St. James describes the crazy fantasy world that Alig created, the drug dealing and the grisly killing of Angel Melendez in his book Disco Bloodbath.

St. James said Alig was a magnet for misfits. He would tell them how to dress, roles to play and even gave them names. St. James said, "He sort of gave everybody their little personalities."

Filmmakers Fenton Bailey and Randy Barbato documented the club scene and Alig's role in it. Bailey said the club kids knew they were creating quite an impression in the clubs. "They soon realized that the level of absurdity with which they could dress up was precisely the thing that could get them the attention that they were denied all the time," Bailey said.

St. James recalls, Alig "would sweep in with 30 or 40 of these club kids, these freaks, these drag queens and sort of take over."

All the outrageousness was making the clubs a lot of money, but it was also making Alig rich. He was pulling in more than $10,000 a week.

Alig didn't limit his venues to clubs and discos. He'd gather with hundreds of club kids and hold an illegal dance party on the subways, or storm a burger joint. Alig and his club kids were becoming famous.

‘Blood Feast’

In 1992, Alig began calling his parties DISCO 2000, and each became more outlandish than the one before. Perhaps the most outrageous was a series of parties he called "Blood Feast."

The poster for the parties featured a hammer and had dismemberment as a prominent them — an eerie preview of things to come.

To keep these parties going, Alig and his crew used an assortment of drugs. Alig took them, too. His favorites: an animal tranquilizer called Special K, and heroin.

"We were sort of in the middle of this vibrant scene that turned so dark," filmmaker Babato said. "They were all doing drugs, and just sort of … lost their way. … I think he built, he created this world where it was bound to end in disaster."

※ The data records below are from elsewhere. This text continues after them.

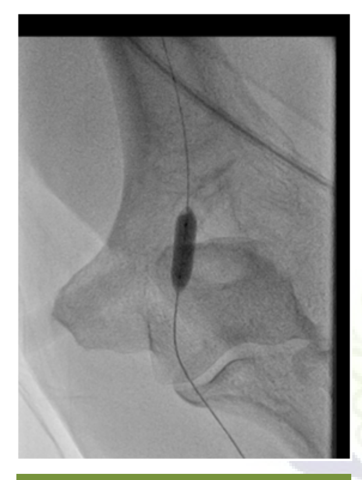
Figure 5: Fistuloplasty of the stenotic segment performed with 3.5 x 10 mm coronary balloon

was diagnosed when there were reduction of the vessel diameter of more than 50% and an increase in PSV ratio (PSV in the stenotic area/ PSV upstream the stenotic area) greater than 2: 1 in the draining vein or greater than 3: 1 in the anastomotic area.<sup>[8]</sup>
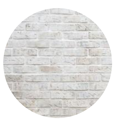
BR - External Cladding Reclaimed Bricks Light bagged render to surface. White wash Paint finish -
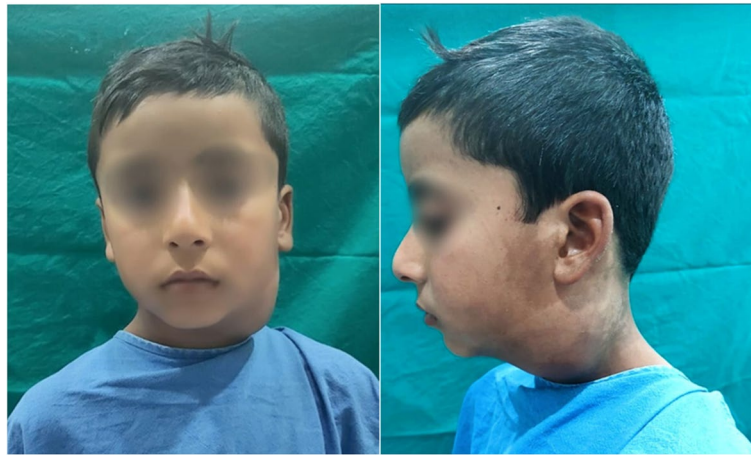
Fig. 1 Frontal and lateral view of submandibular swelling

lymphadenopathy was noted clinically in other sites of head and neck region.
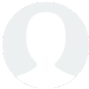
Tom Score Realty Group, LLC
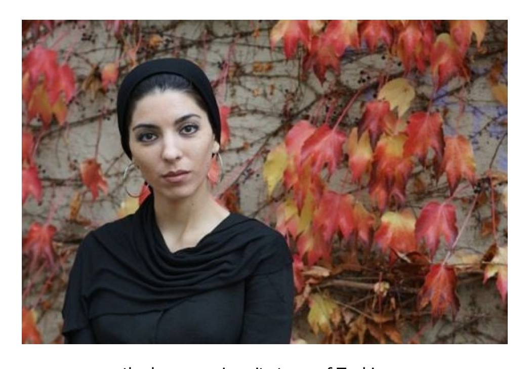
the homey university town of Tuebingen
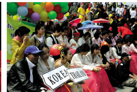
Inter-racial children, Festival of foreigners residing in South Korea

with experiences of cultural difference and diversity and continued efforts by the government and civil society to raise awareness South Korean society is surely moving forward to becoming a multicultural society.
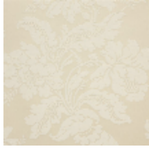
4237-01 VILLARCEAUX - IVOIRE
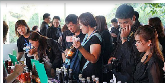
The participants during their lecture and their outdoor classroom activities in which they sampled some local products from technopreneurs.
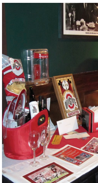
Items for raffle at a recent OSUWWM gathering — one great benefit of joining us at various events.
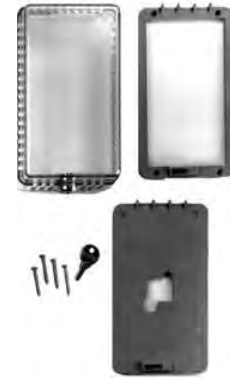
GRD10A-609 Rectangular Clear Plastic Guard
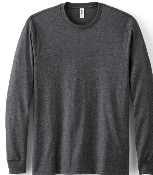
Allmade® Unisex Long Sleeve Recycled Blend Tee AL6204 | Unisex Sizes: XS-4XL | 3 Colors
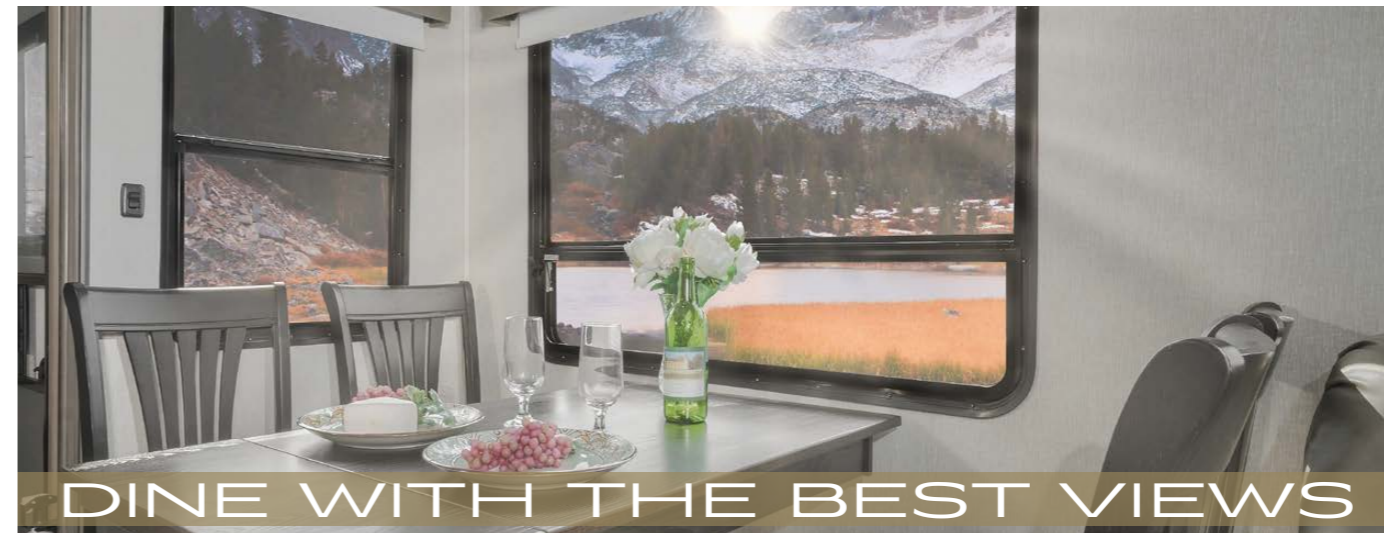
DINE WITH THE BEST VIEWS
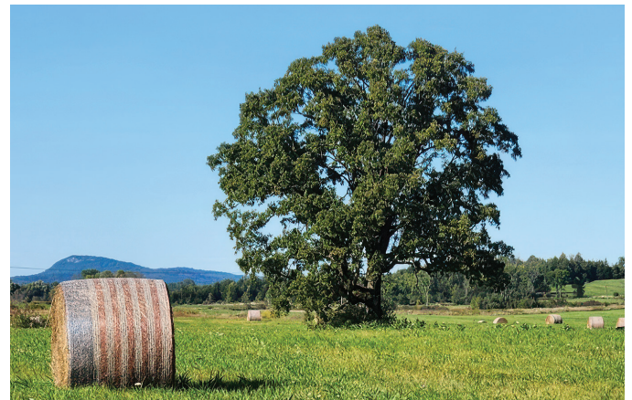
Bales of hay observed during soil sampling at Cutting Hill Beef Farm in Cornwall, Vt.

For crop, soil, and agronomy questions contact me at Shawn.Lucas@uvm.edu .

It finally come to a gruesome end on a cold winter day in 1996. Alig and Melendez got into a fight over money. Then, in a scene right out of one of the Blood Feast posters, Alig's friend Robert "Freeze" Riggs struck Melendez with a hammer — three blows to his head.

Melendez wasn't killed by the hammer beating. Alig said he was still conscious — until Alig pulled a sweatshirt over his face and suffocated him. But Alig and Freeze didn't stop there.

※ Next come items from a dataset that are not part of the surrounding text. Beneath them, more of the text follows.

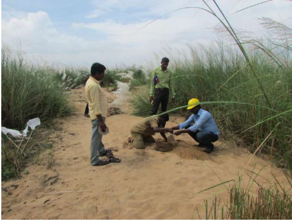
Fig No2.b-Collection soil sample
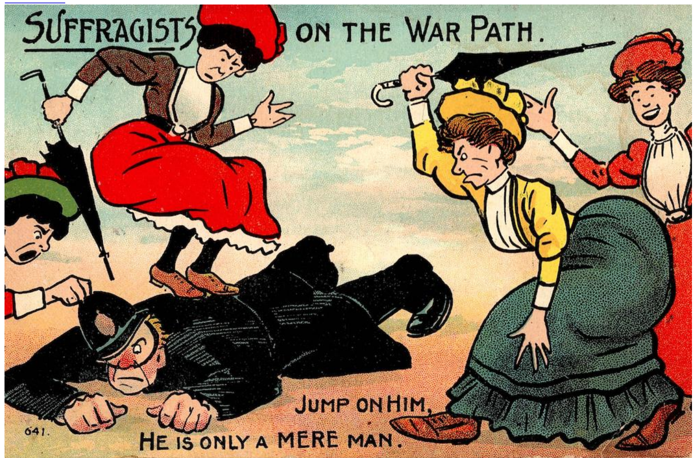
Anti-suffrage postcard
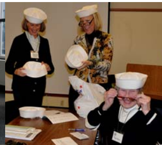
Fun with the maritime theme
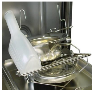
2. Place the washware in the intended position in the utensil holder.
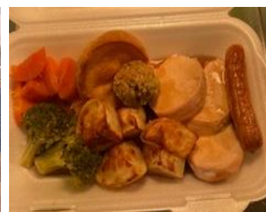
Dining hall – Class 1 then Class 4
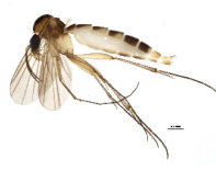
BIOUG05228-E11 [Lateral] Alodia BIN URI: BOLD:AAG4936
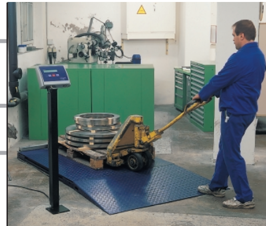
Weighing ranges up to 3 tonnes and rugged construction make the Spider SW a match for even the toughest tasks.
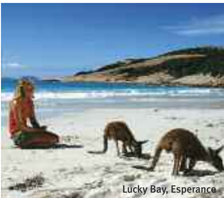
Lucky Bay, Esperance

Esperance, on the shores of Esperance Bay, is a very special part of the coast. From national parks to beaches, you'll never be lost for new terrain to explore. Go swimming and bushwalking in Cape Le Grand National Park, where you might just see kangaroos sunbaking on the beach. There's more scenic wonders off the coast with the 110 islands of the Recherche Archipelago giving the town its title 'Bay of Isles'. Take a cruise around the archipelago, with a stop at Woody Island for a day or two of bushwalking and snorkelling.
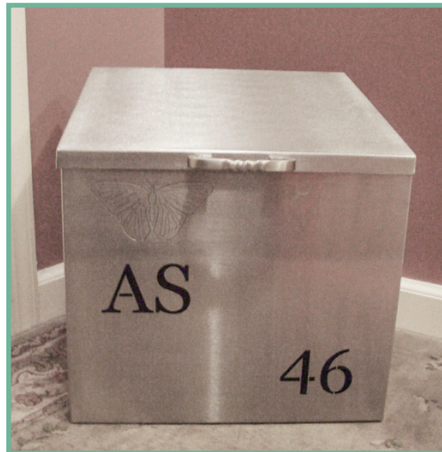
Stainless Steel Hinged Door Mailbox

Stainless steel mailboxes give a sleek & contemporary appearance to complement your home decor. They are also corrosion & rust resistant, so they can easily stand up to the elements.
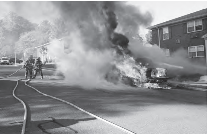
Members of the Randolph Fire Department extinguish a vehicle fire.

The Fire Department administrative offices are located in the Municipal Building at 502 Millbrook Avenue. The Fire Chief and Deputy Fire Chief may be reached by calling 973-989-7098. The Fire Official and Fire Inspectors may be reached at 973-989-7039; both numbers have voice mail. You may reach individual fire company officers by calling the phone numbers provided. The best time to reach someone is any Monday evening between the hours of 7:00 pm and 9:00 pm.
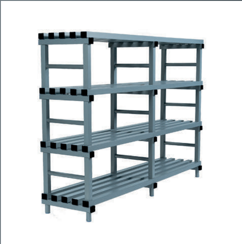
Modular Rack Series

Designed to fit all your needs. Easy to assemble, with no metal parts. Lightweight and durable for easy mobility.
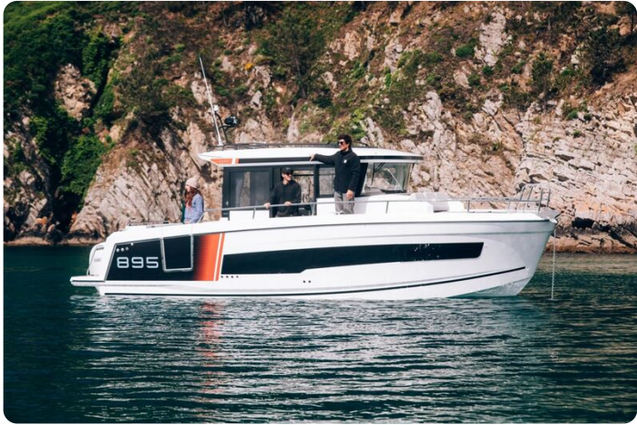
Jeanneau Merry Fisher 895 Sport

They poured drain cleaner down his throat. They cut off his legs. They left him in Alig's apartment for days, using ice and baking soda to mask the smell of the corpse.

Then, with the help of a doorman and a cabdriver, they dumped Melendez's body into the Hudson River.

Party’s Over

If Alig felt remorse at the time, he didn't show it. He continued organizing his parties around New York. In a show of shocking bravado, Alig appears on camera in Bailey and Barbato's documentary bragging about the slaying.

The filmmakers at first thought Alig was making some sort of crude joke.

But Johnny Melendez, Angel's brother, didn't think Alig was joking. He thought Alig was guilty, and when Angel's body washed up on Staten Island, others thought so, too.

Cops began to question Alig and Freeze, and Freeze quickly confessed and told them of Alig's role in the killing. Alig's party days were over.

Alig, 37, has now served six years of a 10- to 20-year sentence for Melendez's the slaying. Freeze also received a 10- to 20 year prison term.

Seeing Alig in prison, he appears not to be what he wasn't back in 1996 — remorseful.

Alig says he noticed something about Culkin when the actor visited him at Attica. "Macaulay really embodied that kind of goody-two shoes, but not really. There's something naughty about him."

Culkin says he does have a dark side — but not as dark as Alig's. "It's so easy to see me as this wicked little thing … this wicked little blond-haired kid making trouble for everybody."